→ EXERCISE INSTRUCTIONS
Return exactly those lines of the material below that fall between the line holding "Figure 2: X-ray" and the line holding "The patient was", inclusive.

→ RECORDS SUPPLIED
╔══
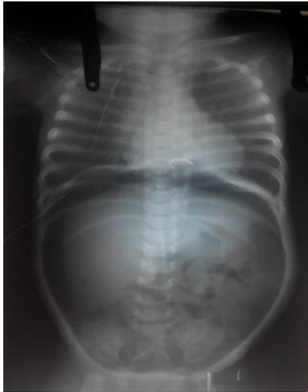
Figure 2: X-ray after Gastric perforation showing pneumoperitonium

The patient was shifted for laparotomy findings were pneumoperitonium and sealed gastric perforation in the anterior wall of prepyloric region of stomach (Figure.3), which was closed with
╚══
╔══
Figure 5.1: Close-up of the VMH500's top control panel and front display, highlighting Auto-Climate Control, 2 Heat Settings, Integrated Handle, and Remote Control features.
╚══
→ FINISHED EXERCISE
Figure 2: X-ray after Gastric perforation showing pneumoperitonium

The patient was shifted for laparotomy findings were pneumoperitonium and sealed gastric perforation in the anterior wall of prepyloric region of stomach (Figure.3), which was closed with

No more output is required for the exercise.